Mi sento come un cantante che per mandare a casa felice il pubblico giura sul proprio onore di non aver mai suonato davanti a qualcosa di simile, ma concedetemelo: nel 2023 la NFC North potrebbe essere la division più interessante in assoluto.
In una primavera – circa – è cambiato praticamente tutto.
Aaron Rodgers è svernato a New York, i Minnesota Vikings potrebbero essere la squadra reduce da un campionato da tredici vittorie con più incognite di cui io abbia memoria, i Chicago Bears hanno finalmente una ragione per attendere con trepidazione l’inizio del campionato e in tutto ciò i Detroit Lions potrebbero essere i veri favoriti.
Troppe cose da digerire, andiamo con ordine.

Davanti a una squadra da tredici vittorie non ci dovrebbe essere molto da dire: il bello dei record NFL è proprio questo, sono così eloquenti che un numero incapsula migliaia di parole e gigabyte di giudizi.
Tuttavia definire sospetto il 13-4 con cui i Minnesota Vikings hanno concluso lo scorso campionato sarebbe un eufemismo. Stiamo pur sempre parlando di una squadra che in barba al magnifico record è stata capace di terminare la stagione con un differenziale punti negativo, -3. Una sciocchezza, per carità, ma comunque una statistica interessante da snocciolare.
Così come lo è il fatto che delle tredici vittorie undici siano arrivate con uno scarto inferiore/uguale a un possesso.

Come l’omonimo cavallo diventato allegoria di Massimiliano Allegri, Minnesota ha spesso e volentieri vinto limitandosi a mettere il musetto davanti. I Vikings sono una squadra perversa, sanno spingere fino al proprio limite le prime della classe e al contempo abbassarsi all’infimo livello delle squadre più umili che concorrono per la prima scelta al draft.
Sono terribilmente incompleti, soprattutto lungo il versante difensivo, ma possono comunque vantare potenziali fenomeni generazionali dei quali un giorno sentiremo discorsi ispirati scanditi adornati da una giacca dorata.
I Minnesota Vikings sono veramente strani.
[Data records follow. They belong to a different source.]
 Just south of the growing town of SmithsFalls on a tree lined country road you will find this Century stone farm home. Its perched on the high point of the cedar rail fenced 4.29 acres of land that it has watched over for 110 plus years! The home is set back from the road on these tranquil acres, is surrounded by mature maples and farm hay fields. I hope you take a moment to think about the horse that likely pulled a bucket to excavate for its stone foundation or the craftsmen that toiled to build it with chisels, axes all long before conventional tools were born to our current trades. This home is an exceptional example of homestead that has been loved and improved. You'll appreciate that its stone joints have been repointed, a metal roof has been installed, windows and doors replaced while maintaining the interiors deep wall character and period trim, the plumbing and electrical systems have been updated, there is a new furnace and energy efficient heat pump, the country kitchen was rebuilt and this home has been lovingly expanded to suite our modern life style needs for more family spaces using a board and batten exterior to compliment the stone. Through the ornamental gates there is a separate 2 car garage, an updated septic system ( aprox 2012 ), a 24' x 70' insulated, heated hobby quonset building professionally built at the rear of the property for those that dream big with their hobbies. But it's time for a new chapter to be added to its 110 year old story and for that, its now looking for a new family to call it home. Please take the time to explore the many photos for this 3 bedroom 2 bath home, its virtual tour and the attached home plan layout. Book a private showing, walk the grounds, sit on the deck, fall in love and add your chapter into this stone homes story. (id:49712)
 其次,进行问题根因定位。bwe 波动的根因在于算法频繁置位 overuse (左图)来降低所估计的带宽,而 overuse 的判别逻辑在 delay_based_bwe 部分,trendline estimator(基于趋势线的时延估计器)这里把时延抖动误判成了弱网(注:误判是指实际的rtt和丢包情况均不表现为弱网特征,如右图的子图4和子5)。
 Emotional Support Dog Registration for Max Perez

Sul rendimento del reparto offensivo non ho particolari dubbi. Restano la squadra di Kirk Cousins, quindi gli alti e bassi saranno fisiologici, ma quando il tuo attacco può vantare Justin Jefferson non ha alcun senso dilungarsi in inutili speculazioni.
Jefferson, attualmente il miglior ricevitore della lega nonché Offensive Player of the Year in carica, quest’anno potrebbe essere più pericoloso che mai. A suo fianco non ci sarà più il leggendario – sì, è una leggenda dei Vikings – ma attempato Adam Thielen, ma il rookie Jordan Addison, selezionato appositamente per rendere la vita più facile a Jefferson.
Osborn è un giocatore veramente solido e Hockenson, malgrado qualche malanno nelle ultime settimane, sarà molto più a suo agio dopo aver trascorso un’intera offseason a Minneapolis.
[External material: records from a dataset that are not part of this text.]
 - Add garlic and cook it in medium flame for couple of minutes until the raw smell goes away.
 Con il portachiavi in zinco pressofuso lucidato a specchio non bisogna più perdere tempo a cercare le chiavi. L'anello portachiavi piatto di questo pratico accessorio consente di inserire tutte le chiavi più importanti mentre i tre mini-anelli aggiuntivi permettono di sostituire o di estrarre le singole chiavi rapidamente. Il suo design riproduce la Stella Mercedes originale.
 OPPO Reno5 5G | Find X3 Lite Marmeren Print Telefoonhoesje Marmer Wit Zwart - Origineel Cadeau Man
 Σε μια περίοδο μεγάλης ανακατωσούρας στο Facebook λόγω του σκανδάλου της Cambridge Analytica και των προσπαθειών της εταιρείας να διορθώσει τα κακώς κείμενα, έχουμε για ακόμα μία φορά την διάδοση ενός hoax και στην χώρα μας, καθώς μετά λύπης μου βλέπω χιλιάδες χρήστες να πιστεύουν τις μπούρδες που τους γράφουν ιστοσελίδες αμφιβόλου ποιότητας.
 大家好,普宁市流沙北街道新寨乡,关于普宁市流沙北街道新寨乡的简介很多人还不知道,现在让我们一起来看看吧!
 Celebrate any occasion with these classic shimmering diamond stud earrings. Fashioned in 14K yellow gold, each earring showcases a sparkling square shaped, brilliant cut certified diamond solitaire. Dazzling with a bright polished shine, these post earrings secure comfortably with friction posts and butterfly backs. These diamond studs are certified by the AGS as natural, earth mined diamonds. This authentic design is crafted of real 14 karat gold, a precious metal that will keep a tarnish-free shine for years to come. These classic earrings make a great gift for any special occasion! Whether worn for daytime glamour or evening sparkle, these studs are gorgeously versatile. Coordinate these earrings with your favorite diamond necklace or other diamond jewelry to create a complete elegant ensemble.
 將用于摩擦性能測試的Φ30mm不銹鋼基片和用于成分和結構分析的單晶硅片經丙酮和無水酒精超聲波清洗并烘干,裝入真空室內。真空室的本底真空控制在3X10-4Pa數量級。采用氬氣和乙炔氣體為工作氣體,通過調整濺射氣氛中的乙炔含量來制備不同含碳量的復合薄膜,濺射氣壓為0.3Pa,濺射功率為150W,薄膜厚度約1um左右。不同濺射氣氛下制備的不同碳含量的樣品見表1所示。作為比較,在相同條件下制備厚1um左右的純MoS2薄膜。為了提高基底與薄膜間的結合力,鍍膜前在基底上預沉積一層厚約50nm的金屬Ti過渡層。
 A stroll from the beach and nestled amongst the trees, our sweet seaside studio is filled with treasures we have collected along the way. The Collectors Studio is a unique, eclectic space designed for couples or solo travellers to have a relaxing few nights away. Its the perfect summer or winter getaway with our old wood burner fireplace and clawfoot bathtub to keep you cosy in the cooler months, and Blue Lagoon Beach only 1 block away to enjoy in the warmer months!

La dipartita di Dalvin Cook non mi impensierisce più di tanto, sono convinto che Alexander Mattison sia in grado di rimpiazzarne la produzione. Forse meno esplosivo e spettacolare, ma ogni volta che è stato chiamato in causa il suo l’ha sempre fatto.
Il lavoro della linea d’attacco non è sicuramente ineccepibile, ma negli ultimi anni la situazione è sensibilmente migliorata e ora garantisce un rendimento perlopiù dignitoso.
Ripeto, con Cousins under center la volatilità è implicita, ma non è sicuramente questa la sorgente dei problemi.
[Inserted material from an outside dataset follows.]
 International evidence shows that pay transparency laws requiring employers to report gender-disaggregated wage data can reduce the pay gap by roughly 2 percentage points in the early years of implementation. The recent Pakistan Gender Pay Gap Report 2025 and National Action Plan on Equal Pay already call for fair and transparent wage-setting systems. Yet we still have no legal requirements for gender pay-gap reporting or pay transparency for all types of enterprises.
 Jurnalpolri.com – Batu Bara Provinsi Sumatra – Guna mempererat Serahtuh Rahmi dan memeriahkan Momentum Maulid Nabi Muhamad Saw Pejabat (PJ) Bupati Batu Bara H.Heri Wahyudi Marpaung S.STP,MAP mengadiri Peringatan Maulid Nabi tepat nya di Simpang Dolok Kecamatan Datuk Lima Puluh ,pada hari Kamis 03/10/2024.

La difesa dei Vikings nel 2022 è stata disastrosa, spesso inetta e troppe volte inadeguata.
Terzultimi per punti concessi, penultimi per yard concesse, assolutamente incapaci di opporsi ai giochi aerei avversari. Per provare a regalare un po’ di ordine al caos sono andati a ingaggiare Brian Flores, ma per quanto tatticamente brillante possa essere non credo sia in grado di fare miracoli.
È un peccato, soprattutto se si considera quanto ci abbiano investito – specialmente al draft – negli ultimi anni.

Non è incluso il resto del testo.